The Arctic sea ice extent fell to 1.67 million square miles, or 4.33 million square kilometers on Sept. 9, 2011—more than 1 million square miles below the 1979-2000 monthly average extent for September—an area larger than Texas and California combined.
While this year’s September minimum extent was greater than the all-time low in 2007, it remains significantly below the long-term average and well outside the range of natural climate variability.
While this year’s September minimum extent was greater than the all-time low in 2007, it remains significantly below the long-term average and well outside the range of natural climate variability. (Credit: University of Colorado National Snow and Ice Data Center.)

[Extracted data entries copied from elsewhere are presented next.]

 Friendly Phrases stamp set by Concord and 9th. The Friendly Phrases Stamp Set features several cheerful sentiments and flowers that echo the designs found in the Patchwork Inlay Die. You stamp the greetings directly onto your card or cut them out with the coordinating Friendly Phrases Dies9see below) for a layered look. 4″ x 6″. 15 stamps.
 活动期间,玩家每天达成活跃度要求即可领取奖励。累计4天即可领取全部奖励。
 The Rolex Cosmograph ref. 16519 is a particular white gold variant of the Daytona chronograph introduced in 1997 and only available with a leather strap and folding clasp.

Most scientists believe the shrinking Arctic sea ice is tied to warming temperatures caused by an increase in human-produced greenhouse gases pumped into Earth’s atmosphere.
“Every summer that we see a very low ice extent in September sets us up for a similar situation the following year,” says Mark Serreze, professor of geography at the University of Colorado-Boulder and director of its National Snow and Ice Data Center.

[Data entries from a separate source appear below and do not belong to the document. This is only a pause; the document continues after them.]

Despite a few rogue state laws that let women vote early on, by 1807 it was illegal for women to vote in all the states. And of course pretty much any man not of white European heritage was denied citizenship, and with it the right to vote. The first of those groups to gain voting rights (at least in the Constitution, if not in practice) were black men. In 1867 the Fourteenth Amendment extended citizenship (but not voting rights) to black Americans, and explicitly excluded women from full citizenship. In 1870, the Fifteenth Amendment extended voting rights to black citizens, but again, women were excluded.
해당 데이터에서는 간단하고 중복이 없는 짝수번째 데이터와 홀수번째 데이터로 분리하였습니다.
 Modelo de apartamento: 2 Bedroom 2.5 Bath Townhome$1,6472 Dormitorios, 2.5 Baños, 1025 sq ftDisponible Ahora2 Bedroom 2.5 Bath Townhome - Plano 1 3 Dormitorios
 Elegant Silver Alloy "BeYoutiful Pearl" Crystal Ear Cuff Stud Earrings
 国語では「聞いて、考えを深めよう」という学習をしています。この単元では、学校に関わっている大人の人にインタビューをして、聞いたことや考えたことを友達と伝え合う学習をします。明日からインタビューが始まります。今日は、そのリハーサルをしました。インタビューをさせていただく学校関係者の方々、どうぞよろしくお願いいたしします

“The Arctic sea ice cover is so thin now compared to 30 years ago that it just can’t take a hit anymore. This overall pattern of thinning ice in the Arctic in recent decades is really starting to catch up with us.”

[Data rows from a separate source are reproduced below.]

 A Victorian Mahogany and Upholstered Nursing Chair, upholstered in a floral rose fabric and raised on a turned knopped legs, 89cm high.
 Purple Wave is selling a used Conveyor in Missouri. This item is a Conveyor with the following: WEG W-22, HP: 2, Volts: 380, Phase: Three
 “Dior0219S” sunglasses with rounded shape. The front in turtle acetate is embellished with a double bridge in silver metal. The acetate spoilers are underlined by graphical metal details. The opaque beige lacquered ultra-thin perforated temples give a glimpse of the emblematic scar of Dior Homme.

In 2007, the year of record low Arctic sea ice, there was a “nearly perfect” set-up of specific weather conditions, Serreze says. Winds pushed in more warm air over the Arctic than usual, helping to melt sea ice, and winds also pushed the floating ice chunks together into a smaller area.
“It is interesting that this year, the second lowest sea ice extent ever recorded, that we didn’t see that kind of weather pattern at all.”
The last five years have been the five lowest Arctic sea ice extents recorded since satellite measurements began in 1979, says NSIDC scientist Walt Meier.
“The primary driver of these low sea ice conditions is rising temperatures in the Arctic, and we definitely are heading in the direction of ice-free summers. Our best estimates now indicate that may occur by about 2030 or 2040.”
SIDC is part of CU-Boulder’s Cooperative Institute for Research in Environmental Sciences— a joint institute of CU-Boulder and the National Oceanic and Atmospheric Administration headquartered on the CU campus— and is funded primarily by NASA.
NSIDC’s sea ice data come from the Special Sensor Microwave Imager/Sounder sensor on the Defense Meteorological Satellite Program F17 satellite using methods developed at NASA’s Goddard Space Flight Center in Greenbelt, Md.